* WHAT YOU WILL DO:
Write out again the lines from the line with "Mit dem neuesten, ultimativen" up to and including the line with "Eladó egy 97", exactly as they stand below, and skip any picture.

* INFORMATION SHOWN:

━━━━

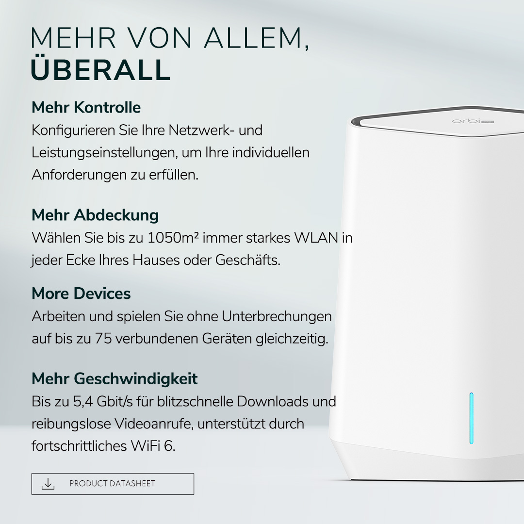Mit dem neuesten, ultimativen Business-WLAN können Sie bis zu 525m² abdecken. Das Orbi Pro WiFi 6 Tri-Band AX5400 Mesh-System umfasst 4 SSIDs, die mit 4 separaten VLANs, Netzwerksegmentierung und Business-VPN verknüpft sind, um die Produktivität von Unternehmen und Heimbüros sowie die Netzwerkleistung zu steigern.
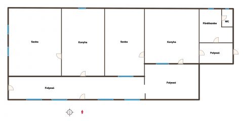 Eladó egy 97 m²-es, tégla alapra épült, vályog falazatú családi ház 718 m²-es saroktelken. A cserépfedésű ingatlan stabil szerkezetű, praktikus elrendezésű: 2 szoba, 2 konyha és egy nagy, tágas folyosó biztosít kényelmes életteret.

━━━━

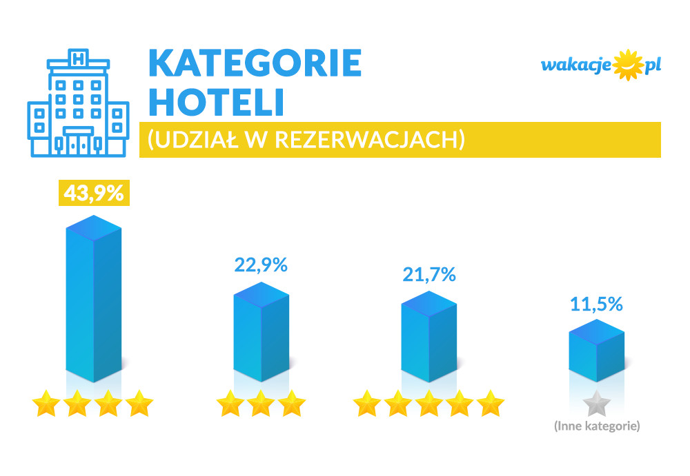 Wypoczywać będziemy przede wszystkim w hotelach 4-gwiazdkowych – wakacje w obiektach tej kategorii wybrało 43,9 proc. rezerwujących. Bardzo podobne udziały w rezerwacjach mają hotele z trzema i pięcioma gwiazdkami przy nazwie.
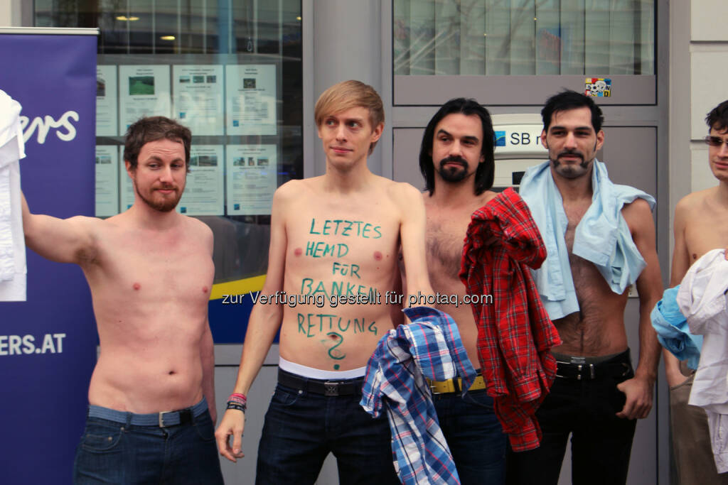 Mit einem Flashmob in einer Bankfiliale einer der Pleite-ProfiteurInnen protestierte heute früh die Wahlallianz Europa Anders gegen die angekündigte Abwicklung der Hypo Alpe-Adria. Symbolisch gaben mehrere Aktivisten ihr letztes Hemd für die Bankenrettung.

━━━━

* WRITTEN RESPONSE:
Mit dem neuesten, ultimativen Business-WLAN können Sie bis zu 525m² abdecken. Das Orbi Pro WiFi 6 Tri-Band AX5400 Mesh-System umfasst 4 SSIDs, die mit 4 separaten VLANs, Netzwerksegmentierung und Business-VPN verknüpft sind, um die Produktivität von Unternehmen und Heimbüros sowie die Netzwerkleistung zu steigern.
 Eladó egy 97 m²-es, tégla alapra épült, vályog falazatú családi ház 718 m²-es saroktelken. A cserépfedésű ingatlan stabil szerkezetű, praktikus elrendezésű: 2 szoba, 2 konyha és egy nagy, tágas folyosó biztosít kényelmes életteret.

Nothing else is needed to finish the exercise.